The DeLaval floor milking bucket, with all working parts and ready to use, was slow in getting bids until auctioneer Tom Bidlingmaier suggested that this was just the thing dairy exhibitors at World Dairy Expo need to milk their cows, and they are very scarce.
With that encouragement, the bidding went to a $140, and finally, the milker went home with Jake Soleberg of Oregon who isn't exactly sure what he will do with it — yet.
With everything else now with new owners, the B-M Auctions pickup moved to the back door of the dairy barn where gates had been arranged to form a small sale ring, and the dairy cow auction was about to begin.
High milk prices prompt demand for cows
There was a big crowd — a huge crowd actually — for a sale of grade cows, all the result of being bull-bred for many years (The auction ad said "one of the best bull-bred herds you will see in a long time ... the Luchsingers have always used registered bulls).
In contrast to many farm sales where a few bidders (maybe a couple of farmers and several cattle dealers) compete, there was spirited bidding from many directions.
Early on, cow prices hit $3,300 and peaked at $3,500 for a cow milking at 100 pounds a day (her calf went for $600).
The 40 cows continued in demand throughout the sale with $2,500-$3,000 as common ending bids, and the bull brought $2,300.
The sale ended with a fitting climax as a young farmer from near Evansville took home two 3-month-old heifer calves for $1,400 apiece, a price that brought expressions of wonderment from many in the still-large crowd.
"No calf is worth that much, " a nearby bystander quietly uttered.
"Wrong," his friend responded. "That was the price he bid, fair and square; he must have a need and a plan to make it work.
Joe Cepress, a young dairyman milking 30 cows in Pittsville, ended up with four cows.
"My wife Marie and I have 90 head of livestock all told, including beef, and built a new barn two years ago," he says. "I do some landscaping also, but farming is where we center our efforts. I think I bought some good cows."
I caught up with Don, the farm owner, who had been seated in the camper top of the pickup alongside the sale clerk and auctioneer during the auction. He came down the steep step at the back of the pickup with a big, broad smile on his face and in response to a friends question of "how do you like those prices" responded, "I'm very happy, you never know what an auction will bring, but I'm very happy."
Although we had never met, Don was a regular reader of this column and wanted me to know that this was a Century Farm dating to 1903 and that he and Leta were looking forward to taking part in the Century Farm and Home Program to be held at the Wisconsin State Fair in August.
"I'm the third Luchsinger to farm this land and no doubt the last," he said. "I had hopes that my son Andrew might continue the farm, but he lives and works in the Twin Cities.

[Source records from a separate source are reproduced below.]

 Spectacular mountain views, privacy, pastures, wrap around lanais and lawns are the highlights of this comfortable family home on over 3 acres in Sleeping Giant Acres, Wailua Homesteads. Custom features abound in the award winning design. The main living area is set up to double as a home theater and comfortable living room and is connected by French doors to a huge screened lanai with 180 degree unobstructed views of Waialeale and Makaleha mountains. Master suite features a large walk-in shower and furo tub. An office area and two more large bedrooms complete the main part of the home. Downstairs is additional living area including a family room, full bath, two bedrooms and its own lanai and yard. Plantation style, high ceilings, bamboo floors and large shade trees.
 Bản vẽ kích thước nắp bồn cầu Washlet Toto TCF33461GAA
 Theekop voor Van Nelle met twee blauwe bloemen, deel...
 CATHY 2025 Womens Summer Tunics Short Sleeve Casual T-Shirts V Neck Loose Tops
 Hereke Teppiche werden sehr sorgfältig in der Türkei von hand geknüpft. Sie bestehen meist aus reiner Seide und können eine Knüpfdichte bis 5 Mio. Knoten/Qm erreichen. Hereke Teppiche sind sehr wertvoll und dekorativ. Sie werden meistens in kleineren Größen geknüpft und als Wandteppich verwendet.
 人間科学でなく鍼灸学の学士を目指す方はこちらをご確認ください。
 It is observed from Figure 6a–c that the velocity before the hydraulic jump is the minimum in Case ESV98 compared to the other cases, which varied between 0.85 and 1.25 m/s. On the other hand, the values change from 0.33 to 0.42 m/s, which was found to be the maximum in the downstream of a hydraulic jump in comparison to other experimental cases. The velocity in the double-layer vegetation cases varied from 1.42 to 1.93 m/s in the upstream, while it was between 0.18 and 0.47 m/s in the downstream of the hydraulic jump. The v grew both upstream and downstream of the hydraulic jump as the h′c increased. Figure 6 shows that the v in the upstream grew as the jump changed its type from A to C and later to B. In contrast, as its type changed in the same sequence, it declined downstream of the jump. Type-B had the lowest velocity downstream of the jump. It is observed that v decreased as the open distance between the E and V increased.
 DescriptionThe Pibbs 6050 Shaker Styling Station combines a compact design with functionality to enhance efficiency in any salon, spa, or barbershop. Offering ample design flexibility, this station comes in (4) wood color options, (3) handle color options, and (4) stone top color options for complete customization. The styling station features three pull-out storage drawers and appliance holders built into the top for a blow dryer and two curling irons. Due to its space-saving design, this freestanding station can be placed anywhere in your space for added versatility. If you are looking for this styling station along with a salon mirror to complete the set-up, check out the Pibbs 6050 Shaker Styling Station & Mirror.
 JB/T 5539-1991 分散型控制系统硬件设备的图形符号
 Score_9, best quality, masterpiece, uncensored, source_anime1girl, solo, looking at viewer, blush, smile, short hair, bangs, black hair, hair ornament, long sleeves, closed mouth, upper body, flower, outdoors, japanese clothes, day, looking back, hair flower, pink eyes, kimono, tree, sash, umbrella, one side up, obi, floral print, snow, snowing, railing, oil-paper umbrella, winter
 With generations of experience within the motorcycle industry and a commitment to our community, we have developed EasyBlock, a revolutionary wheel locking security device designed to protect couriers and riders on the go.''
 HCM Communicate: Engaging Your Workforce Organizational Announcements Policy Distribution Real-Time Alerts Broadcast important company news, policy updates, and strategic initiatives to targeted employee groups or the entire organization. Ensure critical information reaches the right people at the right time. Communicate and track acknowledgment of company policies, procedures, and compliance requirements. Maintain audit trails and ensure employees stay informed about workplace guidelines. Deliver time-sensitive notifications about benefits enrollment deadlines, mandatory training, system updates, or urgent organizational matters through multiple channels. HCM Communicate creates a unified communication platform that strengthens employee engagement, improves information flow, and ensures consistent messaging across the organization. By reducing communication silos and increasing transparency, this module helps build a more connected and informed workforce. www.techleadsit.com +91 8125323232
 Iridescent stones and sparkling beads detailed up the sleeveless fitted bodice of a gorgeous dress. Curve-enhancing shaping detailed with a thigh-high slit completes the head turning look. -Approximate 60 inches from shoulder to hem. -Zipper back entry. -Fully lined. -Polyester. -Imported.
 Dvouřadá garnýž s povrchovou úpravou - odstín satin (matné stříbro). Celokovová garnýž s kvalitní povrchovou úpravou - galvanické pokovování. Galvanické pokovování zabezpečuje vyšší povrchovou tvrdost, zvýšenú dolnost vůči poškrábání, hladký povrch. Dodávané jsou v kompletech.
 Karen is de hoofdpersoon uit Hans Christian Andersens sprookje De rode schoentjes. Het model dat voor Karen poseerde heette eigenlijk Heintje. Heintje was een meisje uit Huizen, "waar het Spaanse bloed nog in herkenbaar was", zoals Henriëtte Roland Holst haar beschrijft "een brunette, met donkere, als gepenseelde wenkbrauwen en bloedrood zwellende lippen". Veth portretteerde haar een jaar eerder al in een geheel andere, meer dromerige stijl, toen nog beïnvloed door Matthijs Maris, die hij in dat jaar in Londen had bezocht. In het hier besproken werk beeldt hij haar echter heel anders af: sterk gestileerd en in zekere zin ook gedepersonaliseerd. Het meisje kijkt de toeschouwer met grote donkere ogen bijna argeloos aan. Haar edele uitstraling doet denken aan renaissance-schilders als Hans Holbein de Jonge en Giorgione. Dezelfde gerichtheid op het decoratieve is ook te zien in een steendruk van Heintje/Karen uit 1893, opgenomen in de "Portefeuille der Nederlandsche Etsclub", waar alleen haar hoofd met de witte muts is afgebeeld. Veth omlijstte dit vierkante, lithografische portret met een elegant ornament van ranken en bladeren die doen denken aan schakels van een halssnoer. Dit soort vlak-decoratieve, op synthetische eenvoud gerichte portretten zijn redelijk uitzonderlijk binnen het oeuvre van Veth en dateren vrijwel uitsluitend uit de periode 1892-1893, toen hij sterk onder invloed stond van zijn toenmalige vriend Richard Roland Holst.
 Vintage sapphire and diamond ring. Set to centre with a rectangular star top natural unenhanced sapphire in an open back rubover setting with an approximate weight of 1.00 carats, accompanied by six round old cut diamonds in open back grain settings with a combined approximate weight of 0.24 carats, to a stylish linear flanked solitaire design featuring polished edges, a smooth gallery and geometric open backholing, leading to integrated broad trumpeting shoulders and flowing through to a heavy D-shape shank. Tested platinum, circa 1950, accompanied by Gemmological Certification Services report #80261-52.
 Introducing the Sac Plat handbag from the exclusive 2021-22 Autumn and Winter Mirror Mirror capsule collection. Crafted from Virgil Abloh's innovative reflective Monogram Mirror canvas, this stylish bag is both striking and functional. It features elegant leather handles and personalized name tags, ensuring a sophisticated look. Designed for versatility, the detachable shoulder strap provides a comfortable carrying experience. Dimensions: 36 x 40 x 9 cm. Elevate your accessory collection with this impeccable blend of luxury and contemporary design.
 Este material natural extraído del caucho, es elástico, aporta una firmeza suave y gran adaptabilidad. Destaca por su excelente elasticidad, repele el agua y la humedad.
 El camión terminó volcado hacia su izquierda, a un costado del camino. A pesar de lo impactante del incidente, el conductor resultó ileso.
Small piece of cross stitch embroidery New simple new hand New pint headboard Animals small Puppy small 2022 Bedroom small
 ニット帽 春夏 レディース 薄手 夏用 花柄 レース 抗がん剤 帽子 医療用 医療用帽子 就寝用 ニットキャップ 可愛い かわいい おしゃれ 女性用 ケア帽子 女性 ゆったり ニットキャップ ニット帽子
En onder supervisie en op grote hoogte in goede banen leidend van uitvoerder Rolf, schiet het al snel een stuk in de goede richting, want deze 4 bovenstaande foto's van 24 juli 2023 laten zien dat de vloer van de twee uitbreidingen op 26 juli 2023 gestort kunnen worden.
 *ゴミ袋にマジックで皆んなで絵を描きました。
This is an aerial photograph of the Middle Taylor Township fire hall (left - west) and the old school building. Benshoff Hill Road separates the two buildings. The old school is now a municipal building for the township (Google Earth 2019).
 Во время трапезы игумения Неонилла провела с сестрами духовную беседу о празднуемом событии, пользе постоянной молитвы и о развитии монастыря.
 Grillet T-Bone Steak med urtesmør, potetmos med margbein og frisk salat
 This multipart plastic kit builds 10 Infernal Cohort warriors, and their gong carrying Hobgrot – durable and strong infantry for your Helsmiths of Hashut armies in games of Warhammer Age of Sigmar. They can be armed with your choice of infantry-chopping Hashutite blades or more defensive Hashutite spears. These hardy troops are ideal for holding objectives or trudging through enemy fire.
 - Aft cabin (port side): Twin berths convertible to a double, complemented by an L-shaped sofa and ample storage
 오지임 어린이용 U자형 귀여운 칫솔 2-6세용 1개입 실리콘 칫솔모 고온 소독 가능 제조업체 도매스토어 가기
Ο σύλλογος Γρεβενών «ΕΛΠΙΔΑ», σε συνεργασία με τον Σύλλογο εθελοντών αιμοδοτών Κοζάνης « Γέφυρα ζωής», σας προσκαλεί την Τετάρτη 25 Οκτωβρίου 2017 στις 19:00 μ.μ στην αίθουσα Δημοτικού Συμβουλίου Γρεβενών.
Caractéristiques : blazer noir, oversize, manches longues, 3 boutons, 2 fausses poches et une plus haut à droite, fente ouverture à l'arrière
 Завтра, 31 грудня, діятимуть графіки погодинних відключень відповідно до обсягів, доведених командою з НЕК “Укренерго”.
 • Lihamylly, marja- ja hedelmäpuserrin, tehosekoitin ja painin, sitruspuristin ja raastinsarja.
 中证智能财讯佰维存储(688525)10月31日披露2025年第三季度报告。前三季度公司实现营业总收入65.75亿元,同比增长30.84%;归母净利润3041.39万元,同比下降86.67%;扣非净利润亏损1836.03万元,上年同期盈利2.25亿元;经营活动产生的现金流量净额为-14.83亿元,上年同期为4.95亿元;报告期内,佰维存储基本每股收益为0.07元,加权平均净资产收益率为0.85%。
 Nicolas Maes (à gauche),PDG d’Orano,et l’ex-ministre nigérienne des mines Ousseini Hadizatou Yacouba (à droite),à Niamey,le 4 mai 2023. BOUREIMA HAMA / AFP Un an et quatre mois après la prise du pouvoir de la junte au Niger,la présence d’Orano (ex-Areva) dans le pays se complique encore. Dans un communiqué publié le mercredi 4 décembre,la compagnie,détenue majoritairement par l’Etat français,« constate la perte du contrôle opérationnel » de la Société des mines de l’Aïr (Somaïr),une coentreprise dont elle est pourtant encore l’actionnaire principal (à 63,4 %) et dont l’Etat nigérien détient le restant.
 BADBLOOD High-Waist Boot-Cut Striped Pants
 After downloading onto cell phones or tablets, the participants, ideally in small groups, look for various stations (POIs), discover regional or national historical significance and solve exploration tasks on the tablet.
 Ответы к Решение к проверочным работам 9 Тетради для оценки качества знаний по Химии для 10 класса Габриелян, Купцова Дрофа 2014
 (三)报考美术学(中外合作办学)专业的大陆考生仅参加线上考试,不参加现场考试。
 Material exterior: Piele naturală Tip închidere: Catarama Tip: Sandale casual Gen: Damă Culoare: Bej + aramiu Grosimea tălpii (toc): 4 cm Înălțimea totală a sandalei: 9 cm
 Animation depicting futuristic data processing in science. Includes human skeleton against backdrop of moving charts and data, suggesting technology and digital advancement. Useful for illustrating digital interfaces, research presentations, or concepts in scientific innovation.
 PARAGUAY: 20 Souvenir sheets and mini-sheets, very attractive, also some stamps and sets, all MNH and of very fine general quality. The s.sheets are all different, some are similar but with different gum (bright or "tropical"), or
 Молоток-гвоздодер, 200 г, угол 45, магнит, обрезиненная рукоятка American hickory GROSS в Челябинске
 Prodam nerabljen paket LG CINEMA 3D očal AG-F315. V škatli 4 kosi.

"Farming is always what I wanted to do, and I've enjoyed it. My brother Alvin and I took over from my dad 52 years ago, and I eventually bought him out. I farm about 250 acres and plan to continue raising cash crops now that the cows are gone."
Was it hard to leave the dairy business after so long?
"Yes," Don said. "I prayed about it for a long time, and on March 31, made the decision to sell the cows. I feel good; it was the right decision at the right time."
A final question: Why did you use a bull and not artificial insemination for all those years you dairied, and did you ever get hurt by a bull?
"Mainly because I had a lot of difficulty detecting cows in heat," Don says. "I always bought registered bulls from top Holstein breeders like Towns at Janesville and Larsons at Evansville. Yes, a bull got me down some years ago — threw me against a fence — but didn't come after me. I was lucky."
The task at hand for the Luchsingers is to get the crops planted, fix a few thing in need and later take a trip or two and enjoy life.
Not a bad plan after milking cows for 52 years.
Thus another dairy herd leaves the Wisconsin dairy scene. Some will say, "See, he was forced out by those big dairy farmers!" Nope — Don Luchsinger left dairying by choice. He had a great run of over 50 years and as he said, "Farming is what I wanted to do and I enjoyed it." What could be better?